FutureAGI can then alert on eval-fail-rate-by-cohort, open a regression eval, or route a risky cohort through Agent Command Center model fallback. The attribute is not the verdict; it is the dimension that makes the verdict actionable.

How to measure or detect span attributes

Span attributes are not a single score. Measure whether they are complete, correct, and useful during incidents:

Coverage: percentage of production LLM spans with non-null fi.span.kind, gen_ai.request.model, token counts, status, and trace id; target 99% or higher.
Cardinality: unique values per indexed attribute. Model names, prompt versions, route names, tenant tiers, and tool names are useful; raw prompts and user messages should not be indexed.
Latency slices: p99 duration by fi.span.kind, provider, route, and model to separate model latency from retrieval or tool latency.
Cost slices: token-cost-per-trace by gen_ai.request.model, gen_ai.usage.input_tokens, and llm.token_count.prompt.
Eval correlation: eval-fail-rate-by-cohort when Groundedness, ContextRelevance, or ToolSelectionAccuracy results are attached to the span that produced the output or action.

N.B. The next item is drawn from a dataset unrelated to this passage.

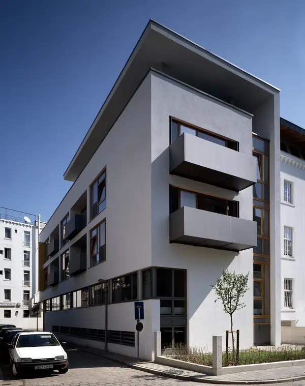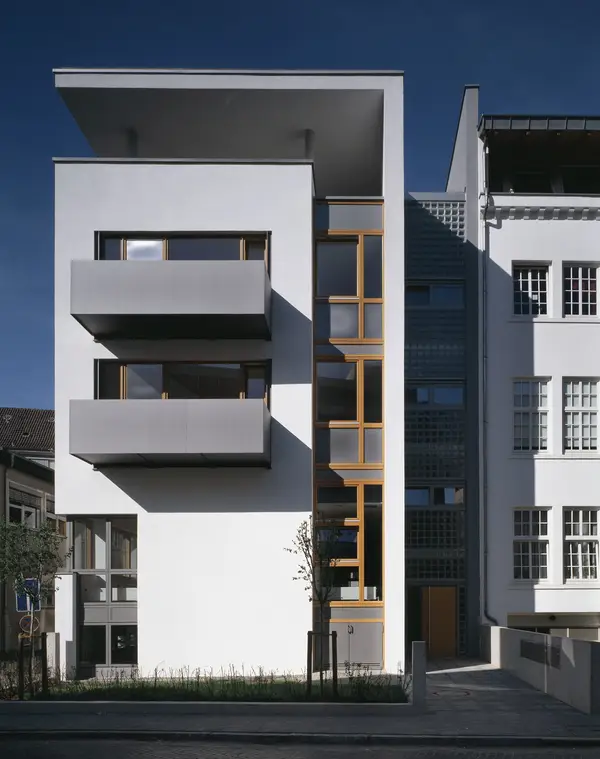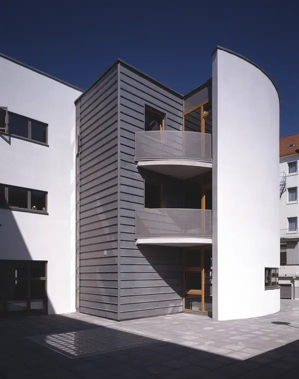 Die architektonische Auseinandersetzung mit dieser Situation, den vorhandenen Altbauten und der Ecklage prägt die Architektur des Gebäudes.

A minimal custom span attribute set:

from opentelemetry import trace

tracer = trace.get_tracer(__name__)
with tracer.start_as_current_span("rerank_docs") as span:
    span.set_attribute("fi.span.kind", "RERANKER")
    span.set_attribute("retrieval.index.name", "refund-policy-v4")
    span.set_attribute("retrieval.result.count", 12)

Common mistakes

Putting raw prompts into indexed attributes. Store prompt content in redacted capture fields; keep attributes for stable dimensions such as model and prompt version.
Recording attributes only on the root span. Child spans need the facts: retriever index, tool name, model, status, token count, and error type.
Naming the same token field three ways. prompt_tokens, tokens_in, and llm.token_count.prompt fragment dashboards and alerts.
Treating SDK-reported fields as permanent. Recheck model ids, token fields, and tool-call shapes after provider SDK upgrades.
Omitting failure attributes. A failed span without error.type, status, and tool name sends responders back to raw logs.